ACTION ITEM:
Copy nothing but the lines below, from the one with "L'abitazione è composta" through the one with "The statue stands", exactly as written; no pictures should appear.

RAW DATA:
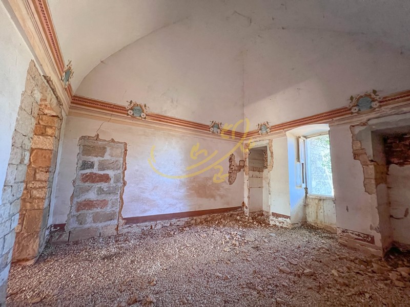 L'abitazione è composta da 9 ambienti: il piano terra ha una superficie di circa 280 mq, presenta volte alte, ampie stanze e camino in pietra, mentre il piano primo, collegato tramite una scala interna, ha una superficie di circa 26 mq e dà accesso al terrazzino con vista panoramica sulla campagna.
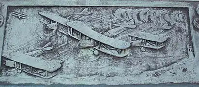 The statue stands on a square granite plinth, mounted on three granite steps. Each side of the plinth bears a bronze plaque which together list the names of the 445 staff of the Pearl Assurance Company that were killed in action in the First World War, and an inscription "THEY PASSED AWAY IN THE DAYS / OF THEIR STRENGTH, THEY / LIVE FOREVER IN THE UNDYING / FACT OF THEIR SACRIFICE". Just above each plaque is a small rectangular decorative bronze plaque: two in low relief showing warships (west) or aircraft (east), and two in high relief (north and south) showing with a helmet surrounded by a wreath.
* * *
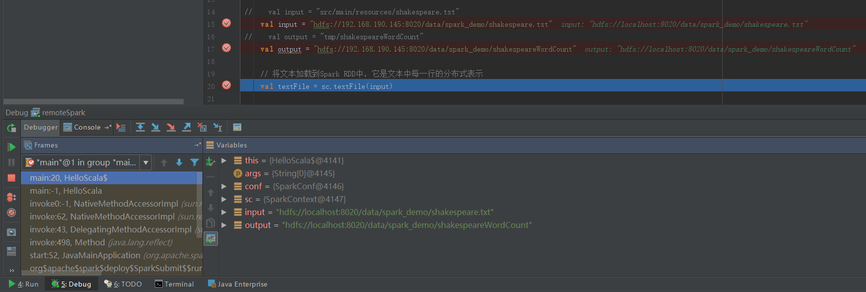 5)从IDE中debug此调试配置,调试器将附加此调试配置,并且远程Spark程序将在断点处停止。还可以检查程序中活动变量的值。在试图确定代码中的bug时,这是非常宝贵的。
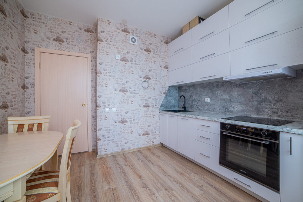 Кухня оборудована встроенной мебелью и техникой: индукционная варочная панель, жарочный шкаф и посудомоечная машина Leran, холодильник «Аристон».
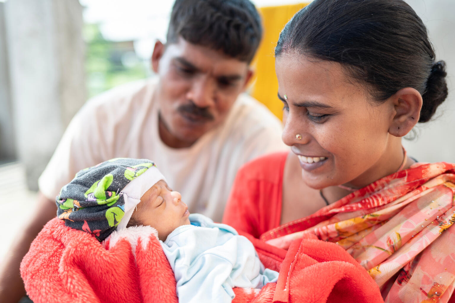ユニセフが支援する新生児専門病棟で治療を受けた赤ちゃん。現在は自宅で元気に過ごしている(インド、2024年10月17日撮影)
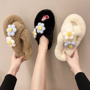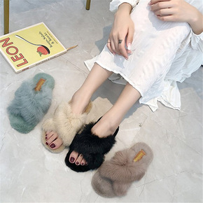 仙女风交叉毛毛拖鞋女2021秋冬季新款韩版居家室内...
...
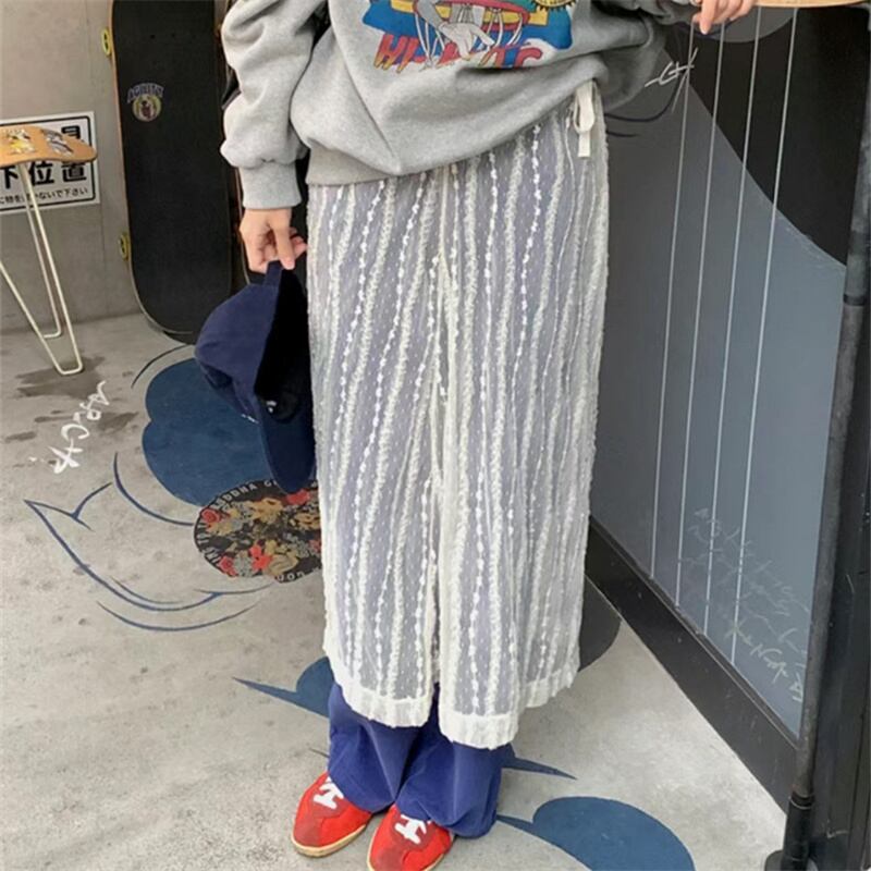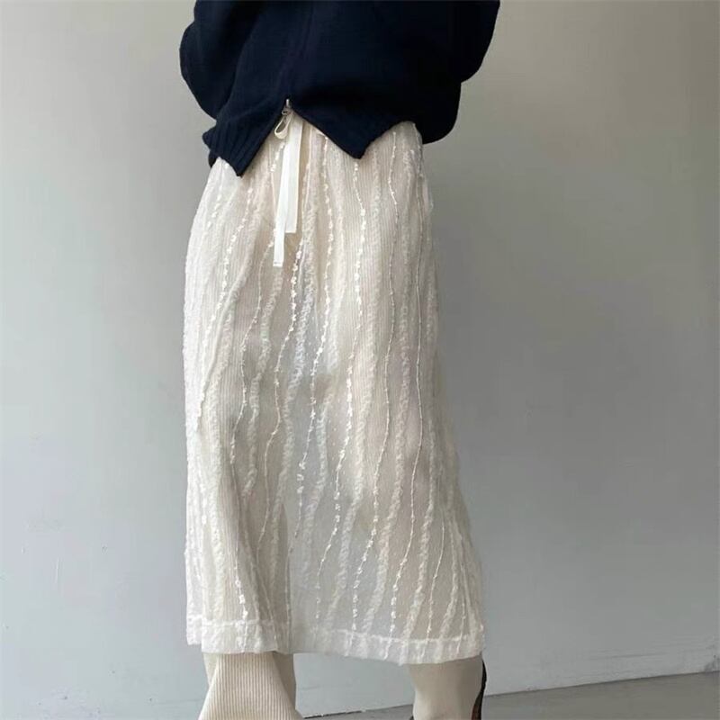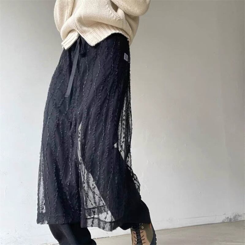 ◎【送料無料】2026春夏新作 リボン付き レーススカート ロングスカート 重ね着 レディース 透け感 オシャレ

ANSWER TO THE PROBLEM:
 L'abitazione è composta da 9 ambienti: il piano terra ha una superficie di circa 280 mq, presenta volte alte, ampie stanze e camino in pietra, mentre il piano primo, collegato tramite una scala interna, ha una superficie di circa 26 mq e dà accesso al terrazzino con vista panoramica sulla campagna.
 The statue stands on a square granite plinth, mounted on three granite steps. Each side of the plinth bears a bronze plaque which together list the names of the 445 staff of the Pearl Assurance Company that were killed in action in the First World War, and an inscription "THEY PASSED AWAY IN THE DAYS / OF THEIR STRENGTH, THEY / LIVE FOREVER IN THE UNDYING / FACT OF THEIR SACRIFICE". Just above each plaque is a small rectangular decorative bronze plaque: two in low relief showing warships (west) or aircraft (east), and two in high relief (north and south) showing with a helmet surrounded by a wreath.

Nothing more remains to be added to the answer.